Crime TTRPGs often take themselves seriously. They tell gritty, tense stories of theft and treachery. Honey Heist is about a group of bears trying to steal a lot of honey. It takes the complete opposite tack and has found a very warm reception as a result.

Honey Heist is an RPG within a single page. Players create a bear through random dice rolls that determine its species, descriptor, and role within the heist group. They only have two stats: Criminal and Bear. They have one objective: steal a lot of honey from Honeycon 2017. Honey Heist features a surprising amount of fun baked into a very small number of rules.

A lot of crime RPGs use historical or fictional settings to distance themselves from real-world crime. Instead, Cartel focuses on drug trade in Mexico. Players control hardened criminals, their spouses caught-up in the trade, and the corrupt cops turning a blind eye.

Cartel uses the Powered by the Apocalypse system, also used in games like Monsterhearts and Apocalypse World. The game focuses on weaving a story that lets every player act as an author. Cartel takes itself seriously, but allows for genuinely powerful roleplaying as a result.

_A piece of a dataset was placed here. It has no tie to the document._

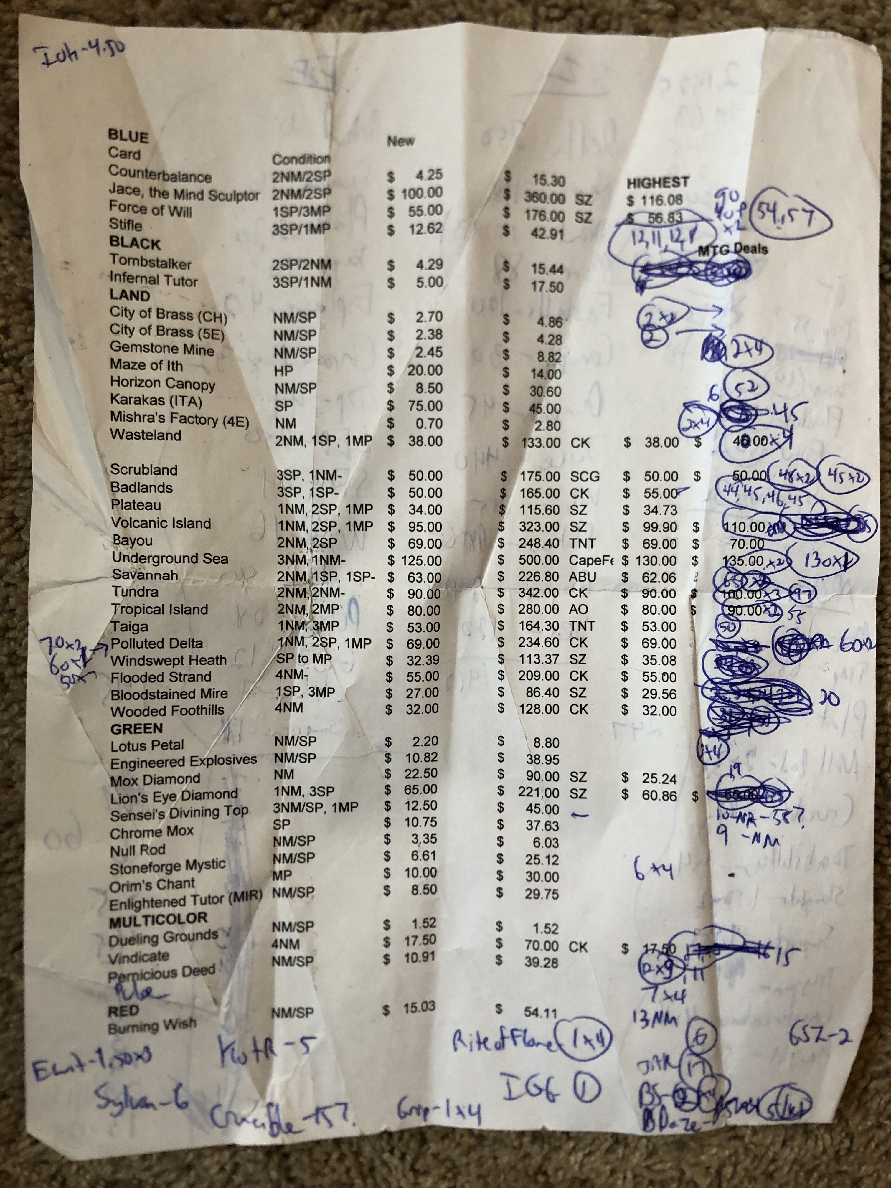 The spreadsheet printout became quite messy as I went from vendor to vendor, adjusting my expectations and tailoring prices accordingly (the sheet of paper also sat in the bottom of my backpack for years). But at the end of the day I accomplished my goalāmy Legacy collection was gone and in its place, I had the start of a college fund.
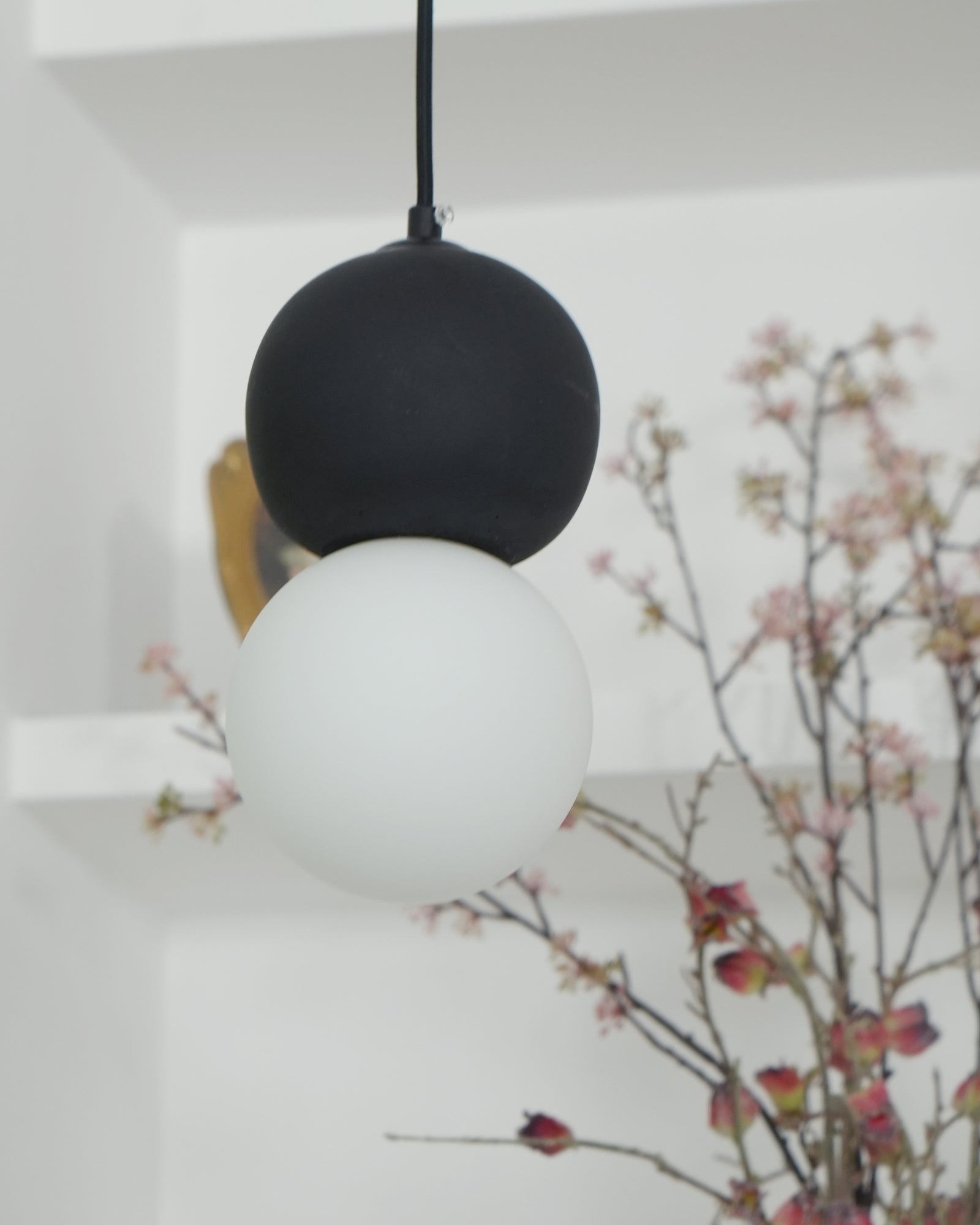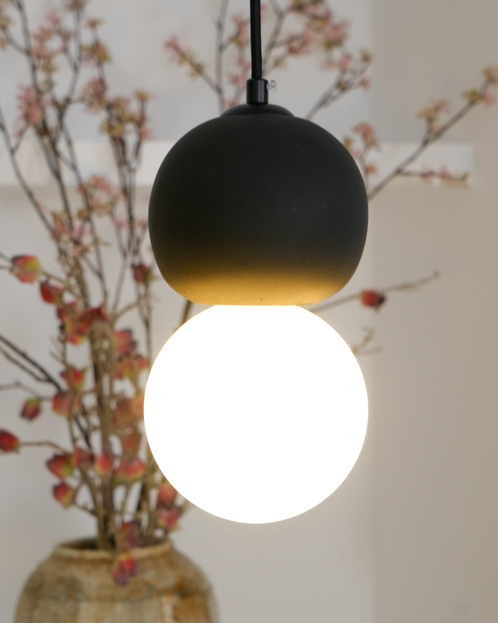 Geometry in its purest form. The Origo lighting fixture embodies contrasting essences, mirroring volcanic rock and an opal glass diffuser. This design explores the interaction of light, where illumination highlights the texture of the volcanic rock, revealing its relief and contour. The sober and logical combination of these materials creates a refined relationship between light and composition. Balance is expressed through a timeless piece, conveying both lightness and heaviness. Spheres function as a double geometry, reflecting positive and negative spaces, thereby reinforcing the fundamental relationship between light and shadows.

Star Wars has always had an element of criminality to it. Its universe has as much room for bounty hunters and smugglers as it does Jedi and rebels. Edge of the Empire is the first gameline in Fantasy Flight Games' Star Wars Roleplaying Game. Where Force and Destiny focuses on Jedi, and Age of Rebellion focuses on rebels, Edge of the Empire looks at the seedier side of the galaxy.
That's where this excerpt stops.